The ``eval`` command runs comprehensive batch evaluations, automatically iterating 
over tasks and seeds. Results are saved as JSON, with optional Markdown and CSV exports.

Arguments
=========

``POLICY_ID``
    ID of a running policy (e.g., ``openvla-7b-a1b2c3d4``)

``ENV_ID``
    ID of a running environment (e.g., ``libero-x1y2z3w4``)

``BACKEND``
    Environment backend to load (e.g., ``libero``)

Options
=======

``--tasks, -t TEXT`` (required)
    Tasks to evaluate. Can be:
    
    - Suite name: ``libero_10`` (fetches all tasks in suite)
    - Explicit list: ``libero_10/0,libero_10/1,libero_10/2``
    - Single task: ``libero_10/0``

``--seeds, -s TEXT``
    Random seeds (comma-separated). Default: ``0``

``--max-steps, -m INTEGER``
    Maximum steps per episode. Default: from config (300)

``--unnorm-key, -u TEXT``
    Dataset key for action unnormalization (policy-specific)

``--save-video, -v``
    Save rollout videos

``--video-dir TEXT``
    Directory for videos. Default: ``~/.maple/videos``
  
``--model-kwargs, -u STR``
    Model-specific parameters

``--env-kwargs, -e STR``
    Env-specific parameters

``--output, -o PATH``
    Output directory for results. Default: ``~/.maple/results``

``--format, -f TEXT``
    Output format: ``json``, ``markdown``, ``csv``, ``all``. Default: ``json``

``--parallel, -p INTEGER``
    Number of parallel evaluations (experimental).
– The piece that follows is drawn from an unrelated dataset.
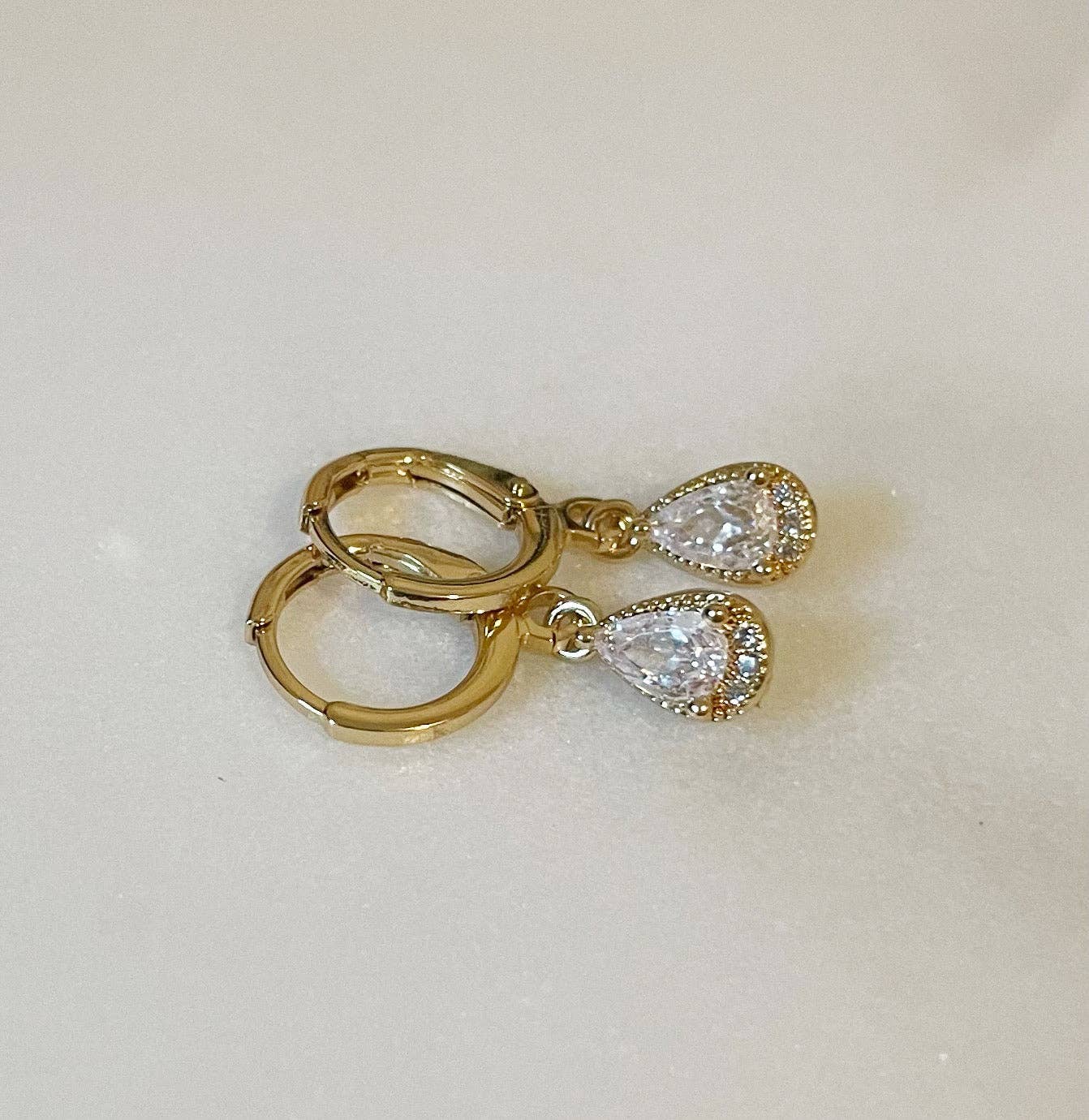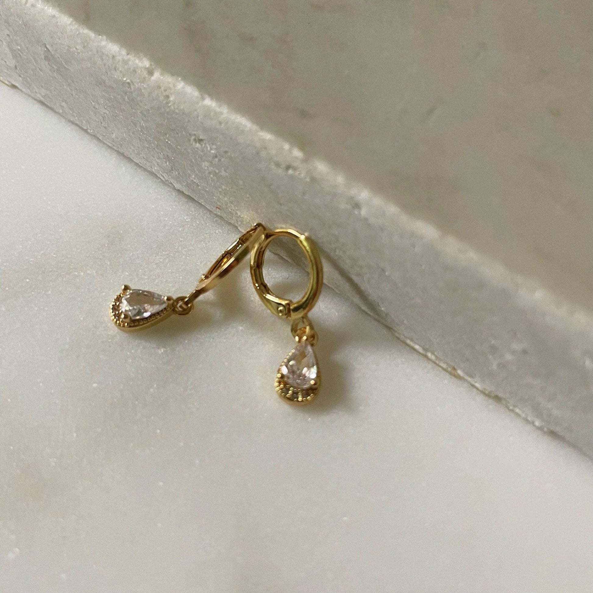 Save Your Tears Huggies. Gold Filled Drop CZ Earrings

Default: 1

``--port INTEGER``
    Daemon port to connect to (default: from config, typically 8000)

Examples
========

Basic Evaluation
----------------

.. code-block:: bash

   # Evaluate on full suite
   maple eval openvla-7b-abc libero-xyz libero --tasks libero_10 --seeds 0,1,2

   # Evaluate specific tasks
   maple eval openvla-7b-abc libero-xyz libero \
       --tasks libero_10/0,libero_10/1 \
       --seeds 0,1,2,3,4

With Video Recording
--------------------

.. code-block:: bash

   maple eval openvla-7b-abc libero-xyz libero \
       --tasks libero_10 \
       --seeds 0 \
       --save-video \
       --video-dir ./videos

Custom Output
-------------

.. code-block:: bash

   maple eval openvla-7b-abc libero-xyz libero \
       --tasks libero_10 \
       --seeds 0,1,2 \
       --output ./results \
       --format all  # JSON + Markdown + CSV

Extended Evaluation
-------------------

.. code-block:: bash

   maple eval openvla-7b-abc libero-xyz libero \
       --tasks libero_10 \
       --seeds 0,1,2,3,4,5,6,7,8,9 \
       --max-steps 500

Output
======

Console Output
--------------

.. code-block:: text

   Batch Evaluation
     Policy: openvla-7b-abc123
     Environment: libero-xyz789
     Tasks: 10
     Seeds: [0, 1, 2]
     Total episodes: 30
     Max steps: 300

   [1/30] ✓ libero_10/0 seed=0 reward=1.000
   [2/30] ✓ libero_10/0 seed=1 reward=1.000
   [3/30] ✗ libero_10/0 seed=2 reward=0.234
   ...

   Batch Evaluation Results: batch-20240131-123456
   ==================================================
   Policy: openvla-7b-abc123
   Environment: libero-xyz789
   Tasks: 10 | Seeds: 3

   Overall Results:
     Episodes: 30
     Success Rate: 72.0%
     Avg Reward: 0.847
     Avg Steps: 156.3
     Avg Duration: 12.34s

   Per-Task Results:
     libero_10/0: 100.0% (3/3) reward=1.000
     libero_10/1: 66.7% (2/3) reward=0.756
     libero_10/2: 100.0% (3/3) reward=1.000
     ...

   ✓ Results saved: results/batch-20240131-123456.json

JSON Output Structure
---------------------

.. code-block:: json

   {
     "batch_id": "batch-20240131-123456",
     "policy_id": "openvla-7b-abc123",
     "env_id": "libero-xyz789",
     "tasks": ["libero_10/0", "libero_10/1", ...],
     "seeds": [0, 1, 2],
     "max_steps": 300,
     "started_at": 1706745600.0,
     "finished_at": 1706746200.0,
     "total_episodes": 30,
     "successful_episodes": 22,
     "success_rate": 0.733,
     "avg_reward": 0.847,
     "avg_steps": 156.3,
     "task_stats": {
       "libero_10/0": {
         "total": 3,
         "successful": 3,
         "success_rate": 1.0,
         "avg_reward": 1.0
       },
       ...
     },
     "results": [
       {
         "run_id": "eval-abc123",
         "task": "libero_10/0",
         "seed": 0,
         "success": true,
         "steps": 156,
         "total_reward": 1.0,
         "duration_seconds": 12.34
       },
       ...
     ]
   }

See Also
========

- :doc:`../guides/quickstart` — Basic evaluation walkthrough
- ``maple report`` — Generate reports from saved results